1. Prof. Dr. med. Bernd Kieseier, Düsseldorf. Satellitensymposium „Copaxone® 2.0 – steigende Bedeutung trotz kommender Alternativen“, veranstaltet von Sanofi-Aventis Deutschland GmbH und TEVA Pharma GmbH im Rahmen des Kongresses der Deutschen Gesellschaft für Neurologie, Mannheim, 24. September 2010.

2. O’Connor P, et al. 250 microg or 500 microg interferon beta-1b versus 20 mg glatiramer acetate in relapsing-remitting multiple sclerosis: a prospective, randomised, multicentre study. Lancet Neurol 2009;8:889–97.

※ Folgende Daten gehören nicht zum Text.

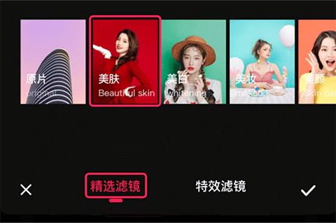 2、「精选滤镜」是静态滤镜「特效滤镜」动态滤镜,并且每个滤镜都可以“点击调节”~调整滤镜值0~100的值的调整,并且可以把您喜欢的滤镜“应用到全部视频”。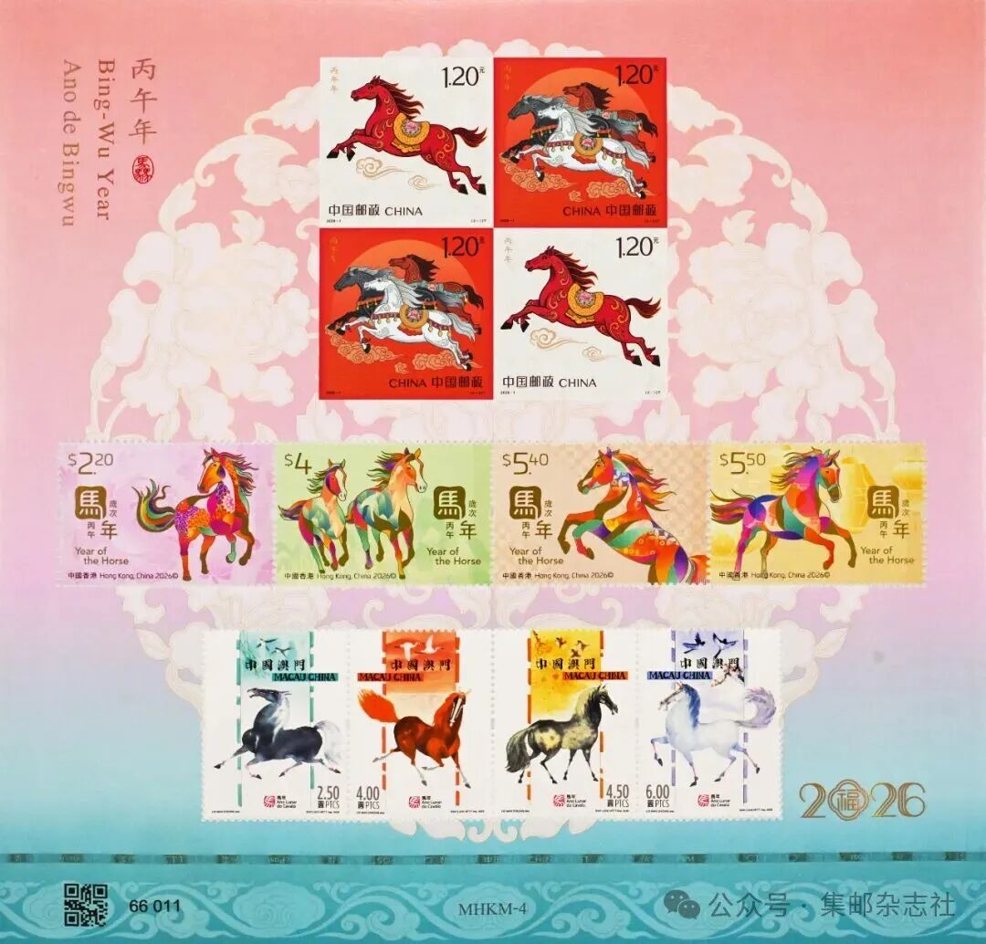 注:同时发行《丙午年》邮票版式三(整张枚数:2套4枚;整张规格:120mm×160mm;边饰设计者:刘喜飞;对联作者:常江)。计划发行数量:288万版。用于赠送给预订2026年全年纪特邮票的预订户。

3. Mikol DD, et al. Comparison of subcutaneous interferon beta-1a with glatiramer acetate in patients with relapsing multiple sclerosis (the Rebif vs. glatiramer acetate in relapsing MS disease [REGARD] study): a multicentre, randomised, parallel, open-label trial. Lancet Neurol 2008;7:903–14.

4. Ford C. Continuous long-term immunomodulatory therapy in relapsing multiple sclerosis: results from the 15-year analysis of the US prospective open-label study of glatiramer acetate. Mult Scler 2010;16:342–50.